11. Department of Medical Oncology, General University Hospital Gregorio Marañón and CIBERONC, Madrid, Spain

12. Department of Medical Oncology and Hematology, Department of Medicine, Department of Immunology University of Toronto, Princess Margaret Cancer Centre, Toronto, ON, Canada

13. Center for Immuno-Oncology, University Hospital of Siena, Siena, University of Siena, Italy

14. Department of Clinical Oncology, Instituto de Biomedicina de Sevilla, IBiS/Hospital Universitario Virgen Macarena/CSIC/Universidad de Sevilla, Hospital University Virgen Macarena, Seville, Spain

15. Department of Dermatology, Charles University Third Faculty of Medicine and University Hospital Kralovske Vinohrady, Prague, Czech Republic

16. Division of Cancer Services, Gallipoli Medical Research Foundation, University of Queensland, Brisbane, QLD, Australia

17. Department of Medical Oncology, Tasman Health Care, Southport, QLD, Australia

18. Division of Hematology-Oncology, Department of Internal Medicine, University of Michigan Rogel Cancer Center, Ann Arbor, MI

19. Department of Internal Medicine, University of Western Australia and Sir Charles Gairdner Hospital, Nedlands, WA, Australia

20. Department of Cutaneous Oncology, H Lee Moffitt Cancer Center, Tampa, FL

21. Medical Oncology of Melanoma, Sarcoma and Rare Tumors, IEO European Institute of Oncology IRCCS, Milan, Italy

22. Melanoma Institute Australia, The University of Sydney, and Royal North Shore and Mater Hospitals, Sydney, NSW, Australia

23. Oncology Clinical Development, Bristol Myers Squibb, Princeton, NJ

24. Istituto Nazionale Tumori IRCCS Fondazione Pascale, Naples, Italy

25. Department of Medical Oncology, The Royal Marsden NHS Foundation Trust, London, United Kingdom

Abstract

PURPOSE In phase III CheckMate 238, adjuvant nivolumab significantly improved recurrence-free survival compared with ipilimumab in patients with resected stage IIIB-C/IV melanoma without a significant difference in overall survival (OS). Here, we investigate progression-free survival (PFS) and OS after postrecurrence systemic therapy.

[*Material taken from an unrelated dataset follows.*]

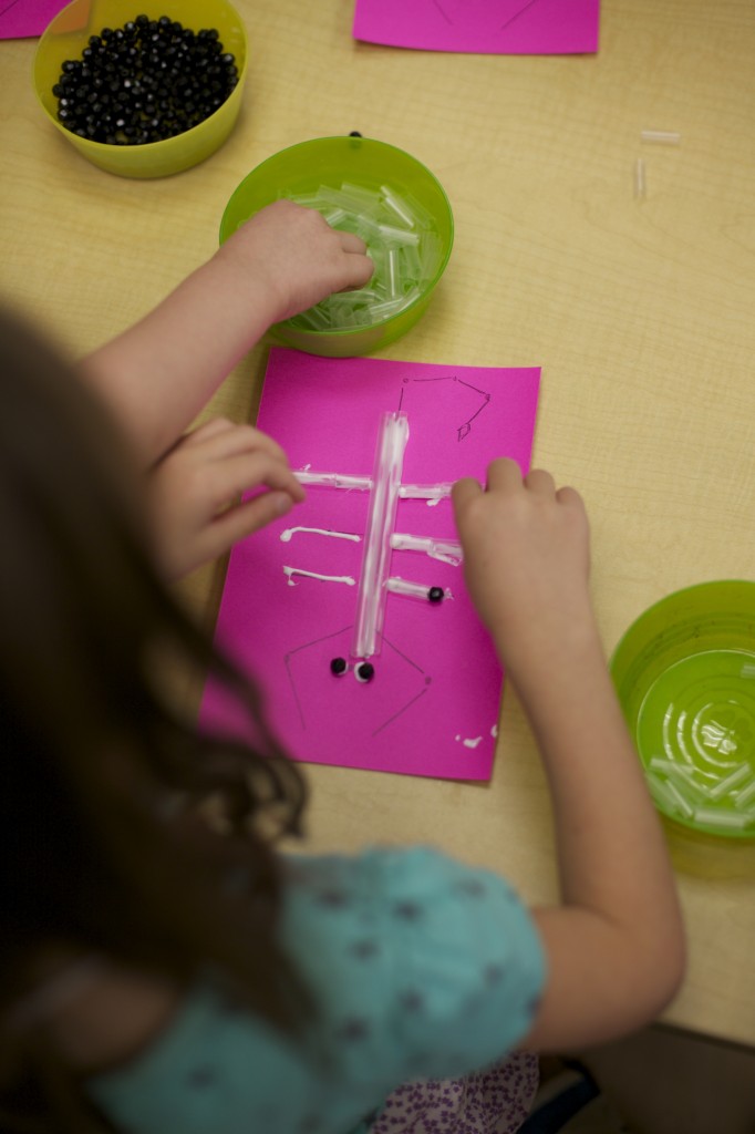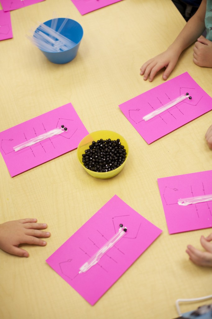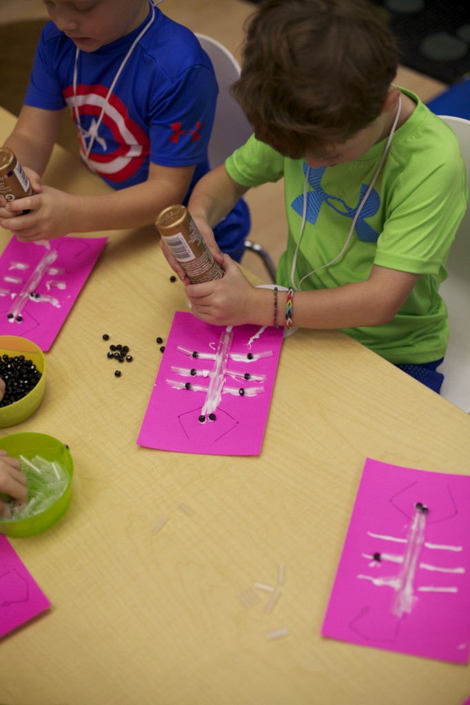 We made Scorpion’s out of straws and beads using a Q-tip to draw on the glue.  Gripping the Q-tip and controlling a tracing movement is a great way to strengthen the “pincher grip.”  Making our fine motor muscle tone stronger will help us to be able to prepare for the task of writing.

PATIENTS AND METHODS Patients 15 years or older with resected stage IIIB-C/IV melanoma were stratified by stage and tumor PD-L1 status and randomly assigned to receive nivolumab 3 mg/kg every 2 weeks, or ipilimumab 10 mg/kg every 3 weeks for four doses and then every 12 weeks for 1 year or until disease recurrence, unacceptable toxicity, or withdrawal of consent. Patients with recurrence in each group were assessed for PFS and OS from subsequent systemic therapy (SST) initiation per recurrence timing (≤12 months [early] v >12 months [late] from initial therapy). RESULTS Recurrences occurred in 198 (44%) of 453 nivolumab-treated patients (122 early, 76 late) and 232 (51%) of 453 ipilimumab-treated patients (160 early, 72 late). Median PFS on next-line systemic therapy for nivolumab-treated patients recurring early versus late was 4.7 versus 12.4 months (24-month rates, 16% v 31%); median OS was 19.8 versus 42.8 months (24-month rates: 37% v 73%). In response to subsequent therapy, patients on nivolumab with late versus early recurrence were more likely to benefit from anti–PD-1 monotherapy. Nivolumab-treated patients with either an early or late recurrence benefitted from an ipilimumab-based therapy or targeted therapy, each with similar OS. CONCLUSION Postrecurrence survival was longer for patients who recurred >12 months. Patients on nivolumab who recurred early benefitted from SST but had better survival with ipilimumab-based regimens or targeted therapy compared with anti–PD-1 monotherapy.